Marangoni-Ghoreyshi Yasmin Garcia, Franca Thiago, Esteves José, Maranni Ana, Pereira Portes Karine Dorneles, Cena Cicero, Leal Cassia R B
UFMS - Universidade Federal de Mato Grosso do Sul, Graduate Program in Veterinary Science (CIVET) Campo Grande MS Brazil.
UFMS - Universidade Federal de Mato Grosso do Sul, Optics and Photonic Lab (SISFOTON-UFMS) Campo Grande MS Brazil
RSC Adv. 2023 Aug 21;13(36):24909-24917. doi: 10.1039/d3ra03518b.
The identification of multidrug-resistant strains from species responsible for diarrhea in calves still faces many laboratory limitations and is necessary for adequately monitoring the microorganism spread and control. Then, there is a need to develop a screening tool for bacterial strain identification in microbiology laboratories, which must show easy implementation, fast response, and accurate results. The use of FTIR spectroscopy to identify microorganisms has been successfully demonstrated in the literature, including many bacterial strains; here, we explored the FTIR potential for multi-resistant identification. First, we applied principal component analysis to observe the group formation tendency; the first results showed no clustering tendency with a messy sample score distribution; then, we improved these results by adequately selecting the main principal components which most contribute to group separation. Finally, using machine learning algorithms, a predicting model showed 75% overall accuracy, demonstrating the method's viability as a screaming test for microorganism identification.

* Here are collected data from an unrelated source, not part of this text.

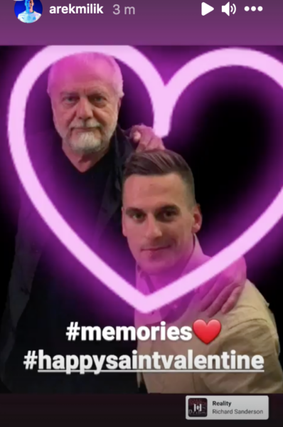 Milik ha pubblicato una foto a tema “San Valentino” con il presidente del Napoli. I due sono anche avvolti da un cuore. Una chiara provocazione per come sono finiti i rapporti tra i due.
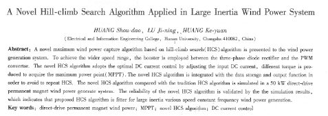 關(guān)鍵詞:永磁直驅(qū)風(fēng)力發(fā)電;****功率跟蹤:新型爬山算洼;直流電流控制
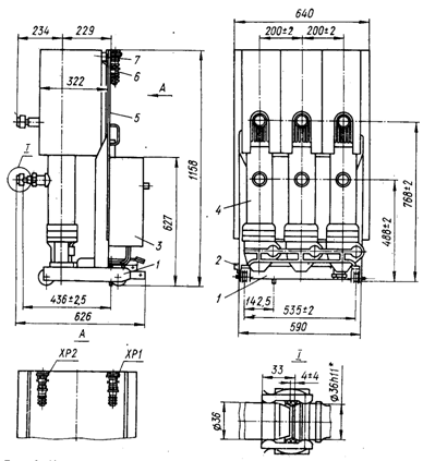 Конструктивне виконання вимикача. Вимикач складається з таких основних частин (рис. 1, 2): основи 1; трьох полюсів 4; електромагнітного приводу 3 (габаритні, монтажні і приєднувальні розміри приводу наведені на рис. 3); фасадної перегородки 5; штепсельних роз'ємів 6; ізоляційного кожуха 7 (рис. 2) для вимикачів на номінальну силу струму 630, 1000 А, а також на 1250, 1600 А; пластини 2 (рис. 1 і 2) для підйому шторковогомеханізму в КРП.

从引起犊牛腹泻的物种中鉴定多重耐药菌株仍面临许多实验室限制,而这对于充分监测微生物传播和控制至关重要。因此,有必要开发一种用于微生物学实验室细菌菌株鉴定的筛查工具,该工具必须易于实施、响应迅速且结果准确。文献中已成功证明使用傅里叶变换红外光谱(FTIR)来鉴定微生物,包括许多细菌菌株;在此,我们探索了FTIR在多重耐药鉴定方面的潜力。首先,我们应用主成分分析来观察组群形成趋势;初步结果显示没有聚类趋势,样本得分分布混乱;然后,我们通过充分选择对组群分离贡献最大的主要主成分来改善这些结果。最后,使用机器学习算法,一个预测模型显示总体准确率为75%,证明了该方法作为微生物鉴定筛查测试的可行性。